** What you are asked to do **
Although the records contain pictures, print none of them; print exactly the lines from the one with "WPWA40、WPWA50、" through the last line.

::: Data to examine :::

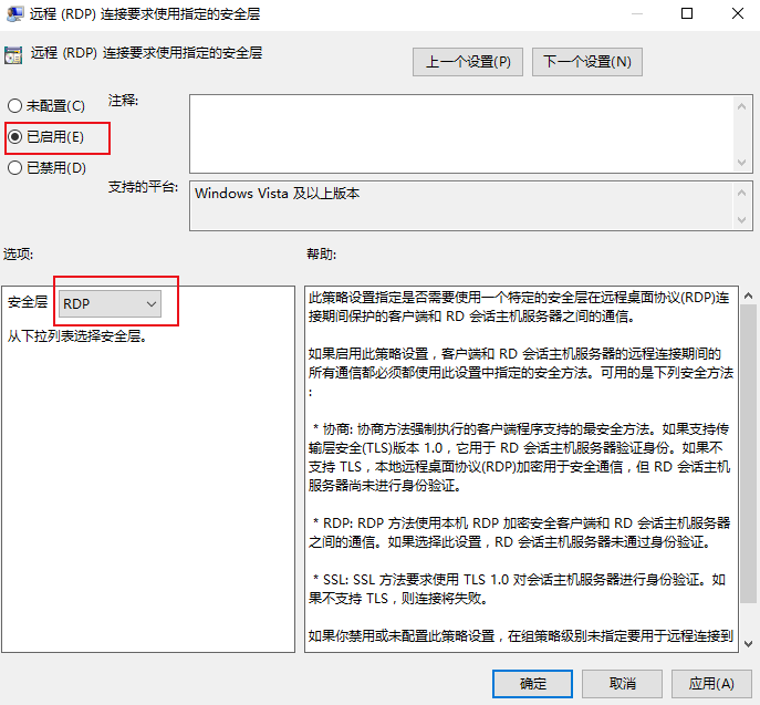 3. 在打开的远程(RDP)连接要求使用指定的安全层窗口中,选择已启用,并将安全层设置为 RDP。如下图所示:
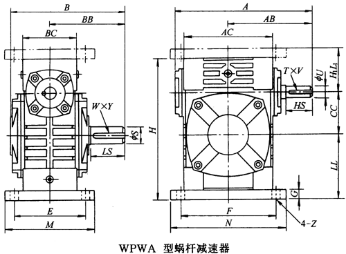 WPWA40、WPWA50、WPWA60、WPWA70、WPWA80、WPWA100、WPWA120、WPWA135、WPWA155、WPWA175、WPWA200、WPWA250、型蝸輪蝸桿減速器主要尺寸
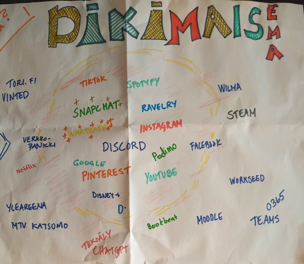 Opiskelijat ovat samanmielisiä siitä, että M365, Moodle ja Wilma sijoittuvat kauas ulkokehälle. Näitä käytetään harvoin tai pakosta. Digimaiseman keskiössä ovat Snapchat, TikTok, Discord, Whatsapp, Podimo, Instagram, Pinterest, Google, YouTube, Disney+ Nämä ovat sovelluksia, joita he käyttävät työpaikoilla nuorten ohjauksissa. Kanavat, joita oppilaitoksen digistrategia ei edes huomioi.
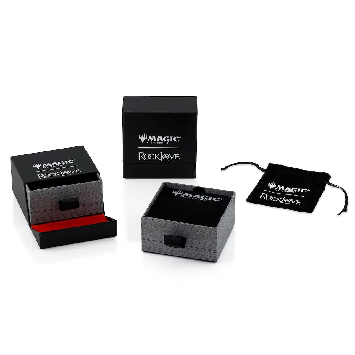 This Magic: The Gathering X RockLove jewelry design is an open design. Every piece arrives in a signature Magic: The Gathering X RockLove Collector's Dice Box, with black exterior and “Mythic Orange” interior. The box flap opens to reveal a slide-out compartment, printed with the side image of stacked Magic cards. The jewelry nestles within branded soft black flocking and includes an additional black fabric drawstring travel satchel with silkscreened logos. A compelling addition to any display case.
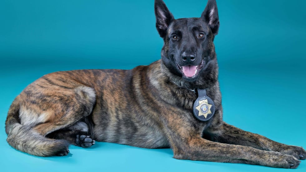 "So when it came time for [Bolo] to go back that day, they got him in his cage, and he kind of dropped his head and whimpered, and everybody's heart melted, and we decided to adopt him," Chief Jason Newby says.

:::

** Task response **
 WPWA40、WPWA50、WPWA60、WPWA70、WPWA80、WPWA100、WPWA120、WPWA135、WPWA155、WPWA175、WPWA200、WPWA250、型蝸輪蝸桿減速器主要尺寸
 Opiskelijat ovat samanmielisiä siitä, että M365, Moodle ja Wilma sijoittuvat kauas ulkokehälle. Näitä käytetään harvoin tai pakosta. Digimaiseman keskiössä ovat Snapchat, TikTok, Discord, Whatsapp, Podimo, Instagram, Pinterest, Google, YouTube, Disney+ Nämä ovat sovelluksia, joita he käyttävät työpaikoilla nuorten ohjauksissa. Kanavat, joita oppilaitoksen digistrategia ei edes huomioi.
 This Magic: The Gathering X RockLove jewelry design is an open design. Every piece arrives in a signature Magic: The Gathering X RockLove Collector's Dice Box, with black exterior and “Mythic Orange” interior. The box flap opens to reveal a slide-out compartment, printed with the side image of stacked Magic cards. The jewelry nestles within branded soft black flocking and includes an additional black fabric drawstring travel satchel with silkscreened logos. A compelling addition to any display case.
 "So when it came time for [Bolo] to go back that day, they got him in his cage, and he kind of dropped his head and whimpered, and everybody's heart melted, and we decided to adopt him," Chief Jason Newby says.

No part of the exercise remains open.